Vivian Voss

The Backup That Wasn't

postgresql devops architecture unix

Tales from the Bare Metal ■ Episode 01

« Thou shalt not trust a backup thou hast not restored! »

At half past eleven on the night of Tuesday, 31 January 2017, an engineer at GitLab.com typed rm -rf on what they believed was the secondary PostgreSQL database. The terminals on their screen were visually identical, save for the hostname in the prompt. Two seconds later, when they realised the prompt did not say what they thought it said, they killed the command. By that point, three hundred gigabytes of production data had been removed.

That was the easy part. The hard part came over the next eighteen hours, as the team discovered, in a sequence that has since become teaching material, that none of their five backup mechanisms had been working.

This is a long-documented incident. GitLab's response, by industry standards, was extraordinary. They live-streamed the recovery on YouTube. They published their internal chat logs. They wrote a postmortem so detailed and so honest that it remains, nearly a decade later, one of the most widely cited operational documents in software engineering. The point of revisiting it now is not the story; the story is well-known. The point is the pattern.

What Happened, in Sequence

The day had not been routine. From around 19:00 UTC, GitLab's primary database had been under unusual load, suspected at the time to be coordinated spam-account creation. The on-call engineers had been working through the load issue for hours. By 23:00 UTC, replication between the primary and the secondary had stalled: the secondary's WAL receiver could not keep up, and the secondary fell sufficiently far behind that recovery would require re-seeding it.

The engineer in question had earlier that day created an LVM snapshot of the production database, intending to use it to set up a staging instance for testing pgpool-II. That snapshot, taken around 17:20 UTC, was a side effect of unrelated work; it had nothing to do with backups, and was scoped for staging.

At around 23:30 UTC, while attempting to clean up the secondary's data directory in preparation for re-seeding, the engineer ran the cleanup command on the wrong host. The terminals were visually identical. The prompt difference was a hostname they had been working in for several hours. They killed the command within seconds. Approximately 300 GB had been removed from the primary. Affected: roughly 5,000 projects, 5,000 comments, and 700 newly created user accounts created between 17:20 and 23:30 UTC.

Service was taken offline at 23:30. Recovery began immediately. The team turned to their backups in sequence. Each one, in turn, did not work.

Eighteen Hours, in Order 17:20 UTC staging LVM snapshot unrelated pgpool work 19:00 UTC unusual load spam-account stress 23:00 UTC replication stalls re-seed needed 23:30 UTC rm -rf on primary 300 GB in 2 seconds 17:00 UTC +1d service restored live on YouTube staging snapshot copied at ~60 Mbps for eighteen hours A six-hour window of unrecoverable user data, and a public restoration broadcast.

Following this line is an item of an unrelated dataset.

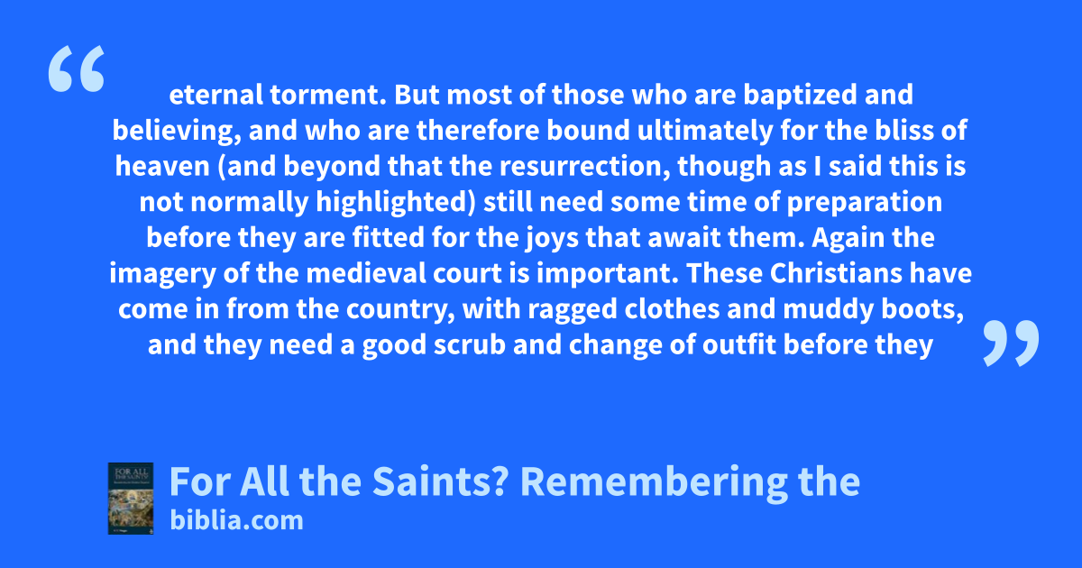 eternal torment. But most of those who are baptized and believing, and who are therefore bound ultimately for the bliss of heaven (and beyond that the resurrection, though as I said this is not normally highlighted) still need some time of preparation before they are fitted for the joys that await them. Again the imagery of the medieval court is important. These Christians have come in from the country, with ragged clothes and muddy boots, and they need a good scrub and change of outfit before they

The Five Mechanisms, in Order

pg_dump backups to S3. GitLab's primary off-site backup mechanism was a wrapper script that took daily pg_dump exports and uploaded them to Amazon S3. The script had been working for a long time. It stopped working silently after a PostgreSQL upgrade: the wrapper script invoked an older pg_dump binary which produced an error against the upgraded server, but the script swallowed the error and produced empty output files. The S3 bucket was full of zero-byte files going back several months.

Email alerts for backup failures. The pg_dump script sent failure-notification emails when something went wrong. Those emails would have caught the upgrade-mismatch problem on day one. They did not arrive. A change to the email infrastructure (DMARC) elsewhere in the organisation, made for unrelated reasons, caused the alert emails to be silently rejected at the receiving end. They had been rejected for months. No one noticed because the absence of failure emails was the same signal as success.

LVM snapshots. GitLab had no scheduled LVM snapshot strategy for production databases. The single snapshot that existed on 31 January was the one the engineer had taken six hours earlier for the unrelated staging-pgpool work. By coincidence, this snapshot was the most recent operational backup of the database that existed anywhere in the organisation.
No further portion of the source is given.